Stone thinks he may have looked at as many as 200 would-be Morrisons before opting for Val Kilmer.
Over the years, the candidates have included the aforementioned Travolta, Gregory Harrison, Michael Ontkean, Timothy Hutton, Steven Bauer, Christopher Lambert and, in the latest casting go-round, Michael Hutchence, of the rock group INXS, and Jason Patric, who was a dead-on Morrison look-alike in “The Lost Boys.”
(At one point, Kevin Costner’s agent even got a call. Morrison’s mother had seen him in a movie on TV and thought he bore an incredible resemblance to her son.)
As for Wonderland Avenue: a script is currently being written, following Sugerman’s first-draft. Stone, who will produce, sees it as a coming-of-age piece in which (a yet-to-be cast) Morrison will be a supporting character.

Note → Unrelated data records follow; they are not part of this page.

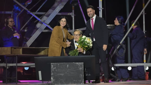 La alcaldesa, Carolina Darias, y el concejal de Carnaval, Héctor Alemán, arroparon al pregonero al finalizar su intervención y le hicieron entrega de un ramo de flores, en una imagen que simbolizó el cariño institucional y popular hacia una figura clave de las carnestolendas.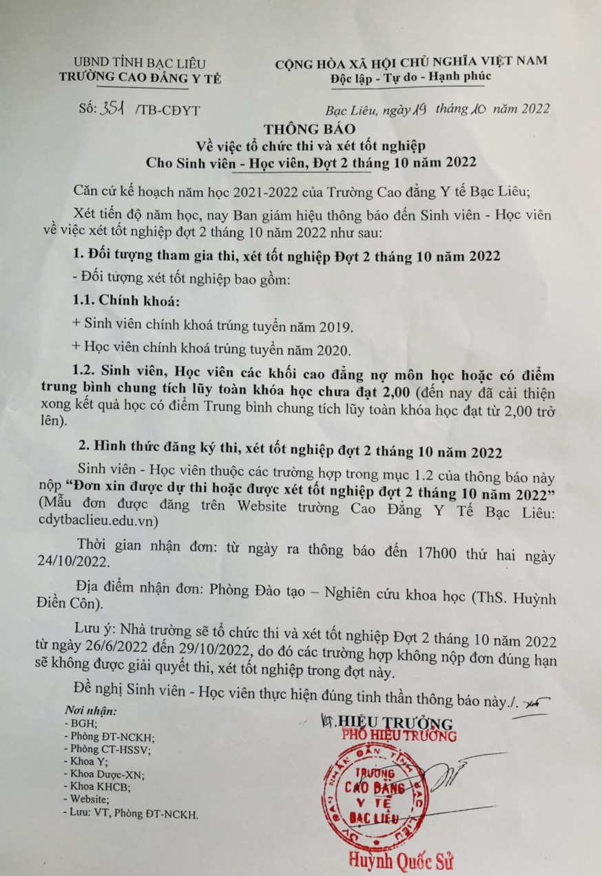 Tổ chức thi và xét tốt nghiệp đợt 2 tháng 10 năm 2022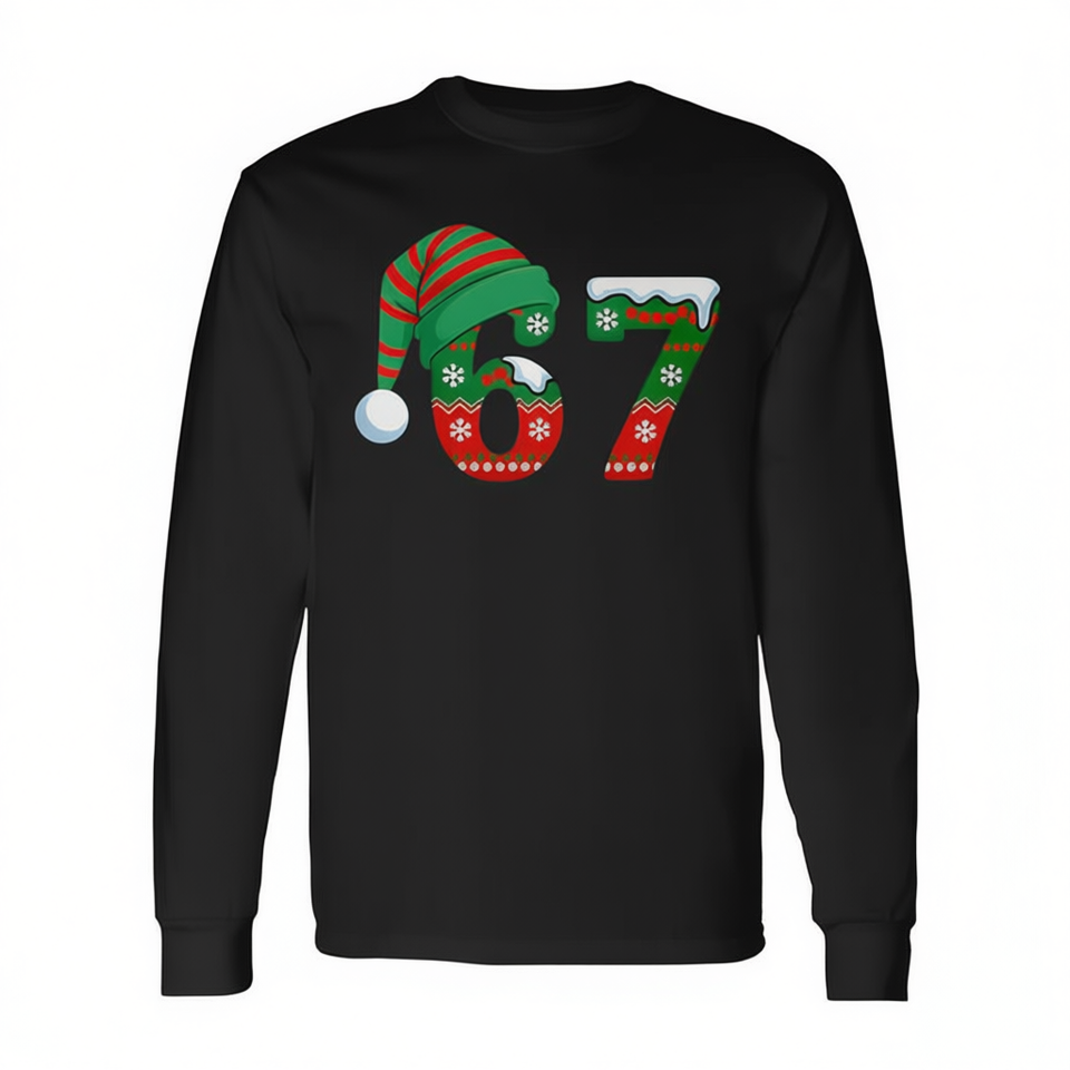67 Christmas Six Seven Meme Brainrot T-shirt a maniche lunghe con cappello da Babbo Natale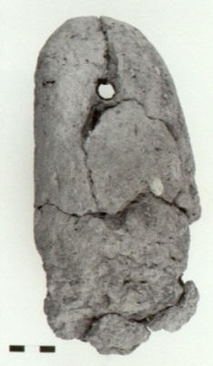 Βρέθηκαν αρκετά τμήματα πιθαριών, δύο μεγάλες ωοειδείς αγνύθες και δύο σφονδύλια (Εικ. 5), ακονόπετρα, δύο κέρατα ελαφιών και λιγοστά οστά ζώων, όλα ευρήματα που είχαν σχέση με τη λειτουργία ενός οικιακού χώρου. Η κεραμική περιλάμβανε κυρίως όστρακα από χειροποίητα αγγεία καθημερινής χρήσης, όπως κύπελλα (Εικ. 6), φιάλες, λεκανίδες,[129] αρκετά με εμπίεστη διακόσμηση στο χείλος,[130] και λιγότερα όστρακα από γκρίζα αγγεία, κυρίως από τροχήλατες πρόχους με στενές αυλακώσεις στο χείλος.

Stone is currently at work on the Morrison/Doors script, working from three separate screenplay drafts penned by Randy Johnson (“Dudes”), Ralph Thomas (“Ticket to Heaven”) and Bob Dolman (“Willow”) and stacks of transcripts. Budgeted at approximately $20 million, the film’s cast includes Meg Ryan as Pam, Kyle MacLachlan as Manzarek, Kevin Dillon as Densmore, Frank Whalley as Krieger, Billy Idol as Morrison buddy Tom Baker, Joshua Evans as the Doors’ manager and Kathleen Quinlan as one of Morrison’s love interests.
Star Val Kilmer–who’s a baritone, like Morrison–is working with former Doors producer Paul Rothchild, “laying down tracks.” Kilmer did his own singing when he played a rock ‘n’ roller in the 1984 comedy “Top Secret!” Time will tell, said Stone, whether he’ll again do his own singing. Until the movie comes out, there’s no way of knowing if Kilmer will be able to evoke the sensual presence that was a Morrison trademark. To be on the safe side, he’s getting instruction in dance and body language from dancer/choreographer/singer Paula Abdul.

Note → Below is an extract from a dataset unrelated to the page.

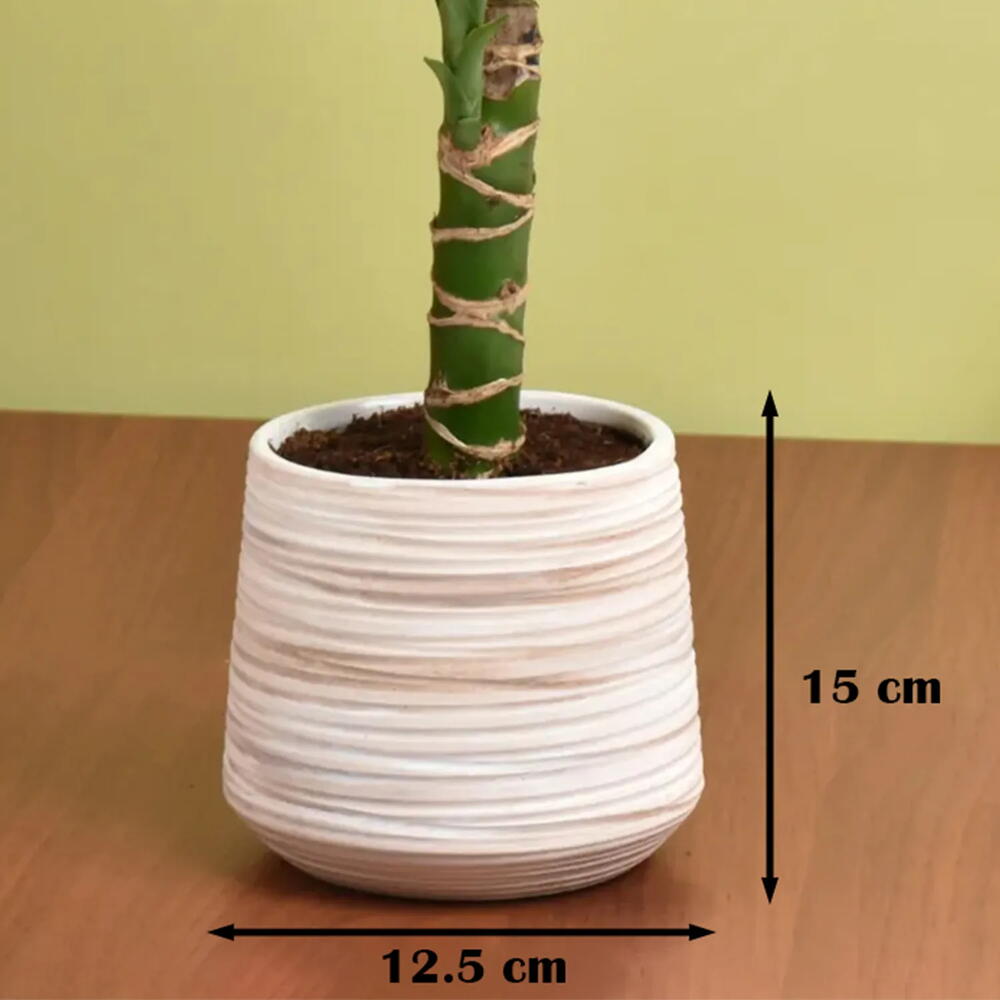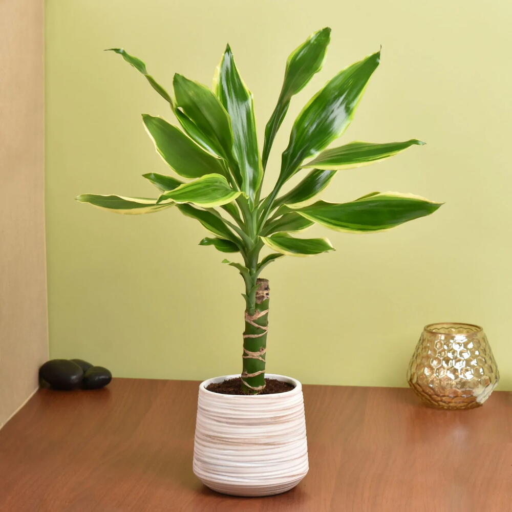 Dracaena Plant Planted in a White Pot With Wooden Stand Dracaena Plants are among the most Effective Houseplants for Removing Pollutants from a Home's air. Dracaena prefers bright, indirect light Pot Dimension: Diameter - 12 CM, Height 17 CM(With Stand 17 CM)

Stone is trying to keep a balance–between man and myth, ’60s freedom and ’90s caution. (Stone acknowledged that he has already toned down some extremely lurid sex scenes involving Morrison and groupies.) “This won’t be easy. After all, we’re sailing in the wind of the Just Say No era, which is pretty simplistic. And there’s the matter of Jim. Everybody will disagree on what he was.”
Whatever he was, Morrison may have had an inkling of what was to come when he wrote: “Did you have a good world when you died? Enough to base a movie on?”